For the entries below, copy exactly the line that contains "Manuális és elektromos" through the line that contains "Nhenna Okore - EgwuUkwu", both ends included, and exclude all pictures.

[Items from a data source]

┄┄┄┄┄┄┄┄┄┄┄┄┄┄┄┄┄┄┄┄

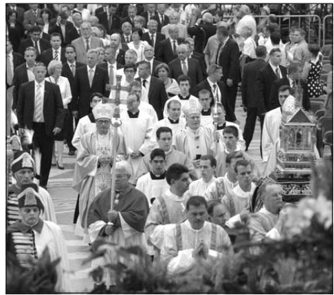
Egyházi és állami vezetők a Szent Jobb-körmeneten

Igazságosságra az idősebb nemzedékek íránt, akik egész életük során azért nem kapták meg munkájuk ellenértékét, mert az állam – úgymond – garantálta nekik öregségük és betegségük esetére a teljes ellátást és gondoskodást. Ha valaki becsületesen dolgozva élte le az életét, aligha mondhatjuk a szemébe, hogy ezeket a szolgáltatásokat ő már nem kapja, mert ez nem korszerű, vagy nem gazdaságos, vagy nem fér bele valamilyen előre meghatározott keretszámba. De szükséges az igazságosság a fiatalabbak iránt is. Különösen az anyaság és a családi élet teremt olyan értéket, amely a bér munka fogalomvilágában nem jelenik meg, de amelytől népünk élete, testi-lelki egészsége, jövője függ. Bizunk abban, hogy mindezekben a kérdésekben az igazságosság és a szolidaritás eszménye érvényesülhet – mondta Erdő Péter bíboros, a Magyar Katolikus Püspöki Konferencia elnöke.
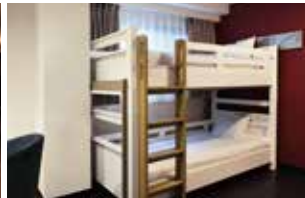
스탠다드 2층 침대
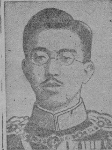
EL EMPERADOR HIRO-HITO

Tokio. — El Emperador Hiro-Hito visitará hoy, jueves, por la mañana, al jefe supremo de las fuerzas aliadas de ocupación
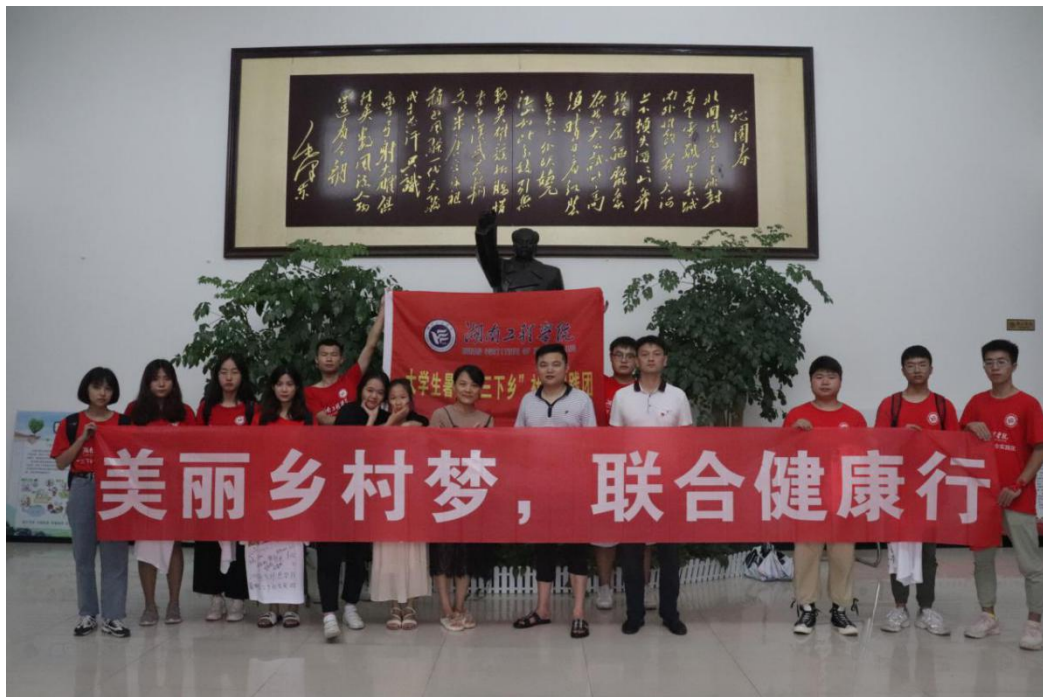
美丽乡村梦，联合健康行团队与联合村村委人员合照

志愿者和村民们共同表示，要坚持规划先行，因地制宜确定整治目标任务和建设时序，分类梯次推进。要突出工作重点，有序推进农村生活垃圾和污水处理，扎实开展农村“厕所革命”，加快提升村容村貌。
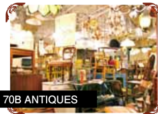
70B ANTIQUES ヨーロッパやアメリカで買い付けたアンティーク家具・雑貨
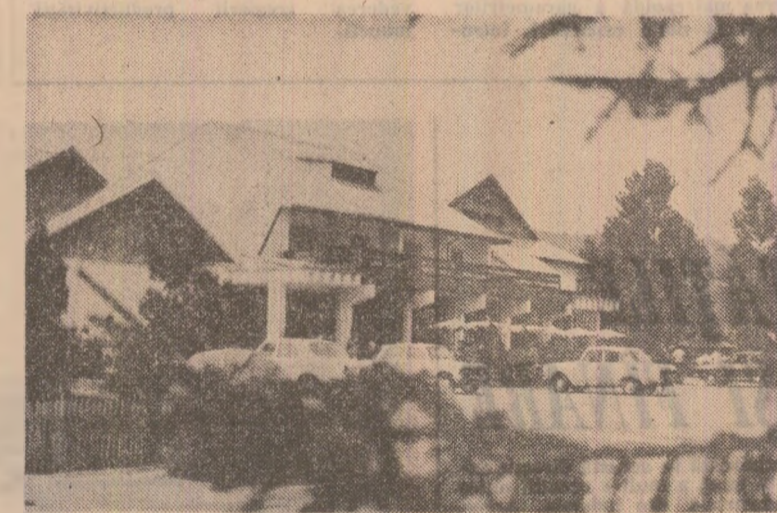
În fotografie: hanul „Topologu”.

La Horezu, la 44 km de Rm. Vlcea, pe șoseaua spre Tg. Jiu, cooperata de consum deține un han cu 56 locuri de cazare, precum și un restaurant.
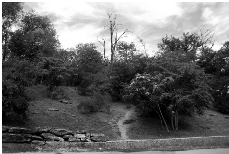
У подножия Чумки

Хоронили умерших в братской могиле, которая находится под всем известной в Одессе горой Чумка. Из опасения новой вспышки болезни была насыпана эта гора. Здесь категорически запрещено строительство, хотя сама Чумка не пустовала – на ней много лет расположена автобаза скорой помощи, которая и сейчас там. Чуть что – медики рядом.
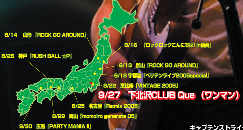
キャプテンストライダム2005年夏のLIVE総決算
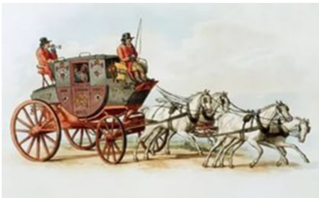
Рис. 5 – Конный дилижанс

По многим дорогам начали выполнять перевозки пассажиров дилижансы (рис. 5).
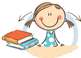
1. ФИЗКУЛЬТМИНУТКА ДЛЯ УЛУЧШЕНИЯ МОЗГОВОГО КРОВООБРАЩЕНИЯ
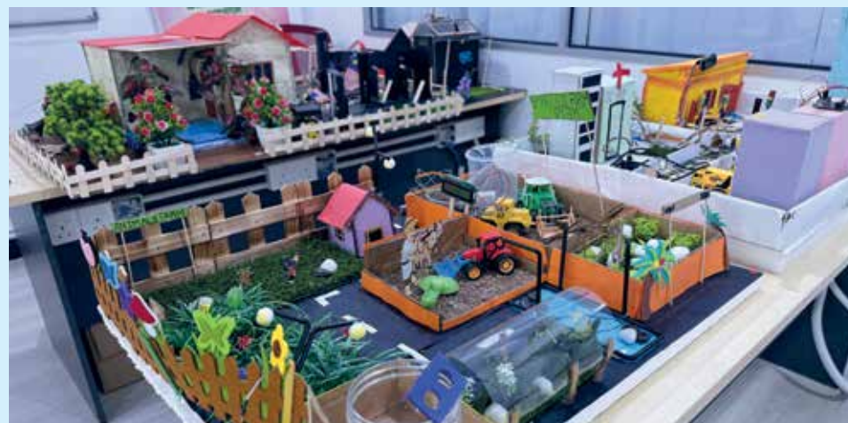
MODEL rekaan yang dipertaruhkan pada WRG 2025 di Taiwan.

"Berdasarkan pengalaman Pulau Pinang sejak 2008, sekolah SJKT
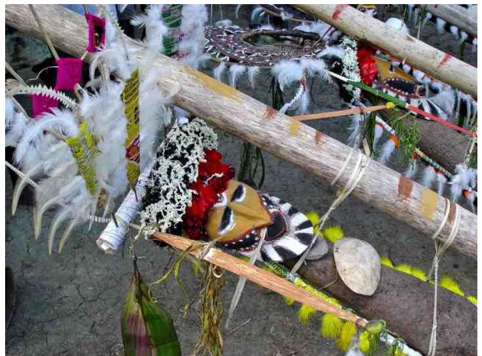
7. Maskers van hout, plantenvezels en veren

Aan het einde van het groeiseizoen worden de Yams tijdens een feestelijke ceremonie opgegraven. De mannen versieren de yams met veren, maskertjes, vruchten e.d. Ook jongetjes mogen helpen. De yams zien er dan net zo uit als de mannen die de feestdans uitvoeren. Waardesymbolen als de karahut (of gumbale - zie afb. 10b) en geldringen worden soms op de yams gelegd. De reuzen yams worden gezien als geestvolle wezens, als persoonlijkheden die kunnen zien en horen. Die menselijke identiteit van de yams klinkt ook door in termen als 'borstomvang' en 'bovenbeen', die
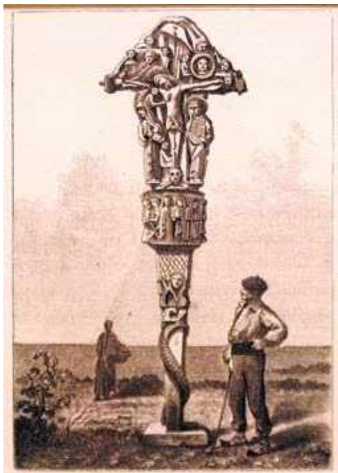
Grabado de "El Oasis". 1880.

Es casi milagroso que la cruz de Kurutziaga haya sobrevivido a su aciaga historia. Ignorada como elemento artístico hasta la segunda mitad del siglo XIX, es en esa época donde comienza su calvario, con repetidos traslados, agresiones con explosivos, restauraciones dudosas, desamparo ante los fenómenos atmosféricos y contaminación. Sus múltiples cicatrices dan fe de todo ello. Esta sería la cronología de su accidentada existencia:
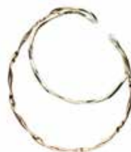
GD-3109EC K18 or K10YG/WG W8mm×H28mm
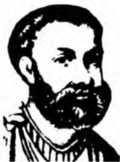
Klavdiy Galen (131—201).

Galen har xil kasalliklarning kelib chiqishi masalasida o'sha vaqtda keng tarqalgan gumoral (rutubatlar) nazariyasiga asoslanardi. Kasalliklarni davolashda Galen bir qancha yangi muolaja usullarini ishlab chiqdi. Xususan, u doridarmonlardan foydalanishning yangi usullarini qo'lladi. Dori tayyorlashda ularning shifobaxsh qismini ajratib olib ishlatishni joriy qildi. Bunday dorilar "Galen preparatlari", deb ataladi. Galen har qanday dorivor o'simlikda, dorilik moddadan tashqari keraksiz, ba'zan esa zararli moddalar ham bo'lishi mumkin, biz dorilik moddasini undan ajratib olishimiz kerak, deb to'g'ri fikr yuritgan.
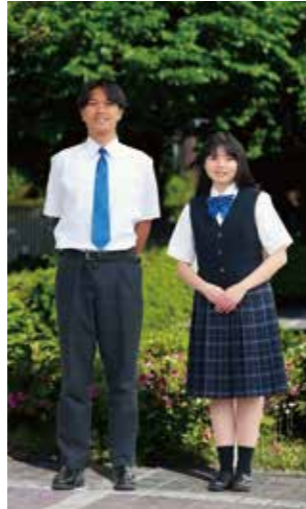
夏服 半袖スタイル
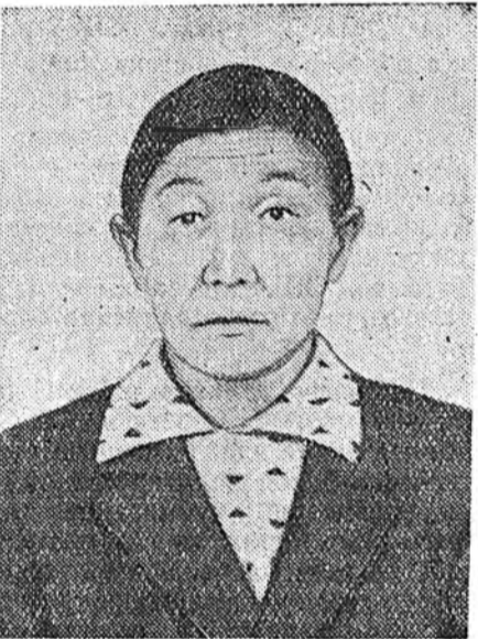
жа абанан 14 үнэһнээ 14 тугал абажэ бүрин бүтнөөр мал болгооб. Үнээн бүринөө 1377 литр һу һаагаад

Революцин урда тээ бурят эхэнэрэй байдал гэшнэ тон хүндэ байһан юм. Гүрэн түрн хэрэгтэ хабаадсалса политическэ ямаршыс эрхэгүй, үзэг бэшг мэдэхгүй үгли харанхы байһынгаа хажуугаар, бурят эхэнэр гэр бүлэ соогоо барлагын байһан юм. Айлай бэри гэшэ сэргэдэ гурбан морной уяатай байгаа һаа гэртэ орохо эрхэгүй, гэр соогоо галайгаа баруугаар ябаха эрхэгүй, хадам эсэгынгээ байхада уужаяа тайлаха эрхэгүй байһан юумэл даа. Мүнөө манай оройной бүхы эхэнэрнүүд, тэрэ тоодо бурят эхэнэрнүүдыс, эр хүнүүдтэй тон адли эрхэтэй, гүрэнэй, политическэ, ажахын ямаршыс ажалда хүдэлдэг, ехэ үндэтэй хүнүүд болоһой гээшэ. Би өөрынгөө колхоздо 24-дхи жэлэ һаалишанаар хүдэлжэ ябанаб. Наһатай болонхойшыс һаа, Америкуе һу, мяха, тоһо абалгаар хүсэхэ гэхэн тэмсэлэй дэлгэржэ байхада, гэртэ һуунгүй, үшөөл шангаар хүдэлхэ, өөрынгөө ажалда залуушуулыс хургаа хүсэлтэйб. Мүнөө да-
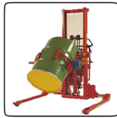
Oldalra dönthető villákkal és/vagy olyan opcionális extra tartozékokkal rendelhető, mint a hordófordító, távirányító, színtszabályozó, darukar.

Manuális és elektromos emelési móddal egyaránt rendelhető.
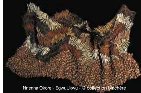
Nhenna Okore - EgwuUkwu - © collection blachère

la journée continue avec le Musée archéologique Lapidaire (collection antique, ancienne chapelle du collège des Jésuites, fleuron de l'architecture baroque) et le Musée Calvet (collection de Beaux-Arts installée dans un magnifique hôtel particulier du 18 e siècle).
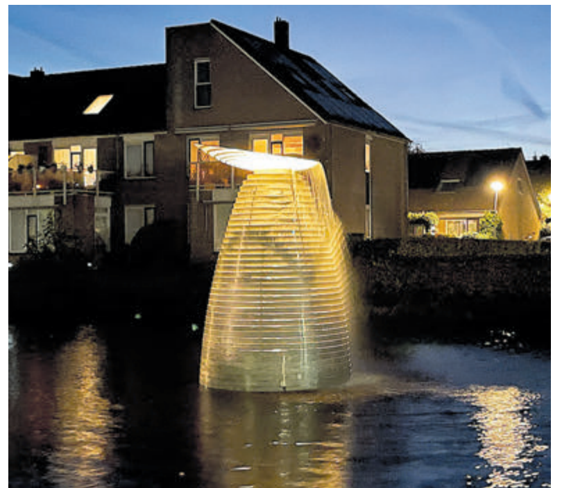
De verlichte Parabool.

nu eenvoudig. Het water wordt uit de Strammer opgepompt en stroomt over het kunstwerk heen naar beneden. Met een tijds klok wordt de pomp aangestuurd. In het Parabool staat een LED-spot die bij zonsondergang het gehele object verlicht.“
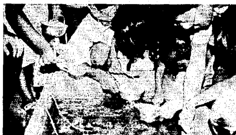
子供たちの人気を集めた金魚すくい
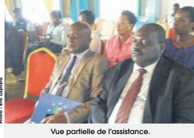
Vue partielle de l'assistance.
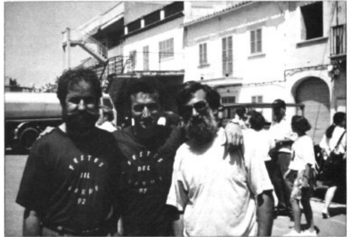
Alguns dels organitzadors durant les festes de l'any passat

A les 20,30 hores inauguració de l'exposició de fotos antigues
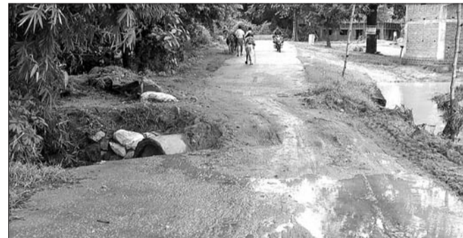
ସାଲେପାଲି ଗ୍ରାମକୁ ସଂଯୋଗ କରୁଥିବା କଲଭର୍ଟ।

ରହିଛି। ବର୍ଷା ଯୋଗୁ କଲଭର୍ଟର ଗୋଟିଏ ପାର୍ଶ୍ଵ ଖାଲ ଗଲୁଣ୍ଡି। ଫଳରେ ରାସ୍ତାରେ ଯିବା ଆସିବା ବିପଦ ହୋଇପଡ଼ିଛି।

┄┄┄┄┄┄┄┄┄┄┄┄┄┄┄┄┄┄┄┄

Output for this task
Manuális és elektromos emelési móddal egyaránt rendelhető.
Nhenna Okore - EgwuUkwu - © collection blachère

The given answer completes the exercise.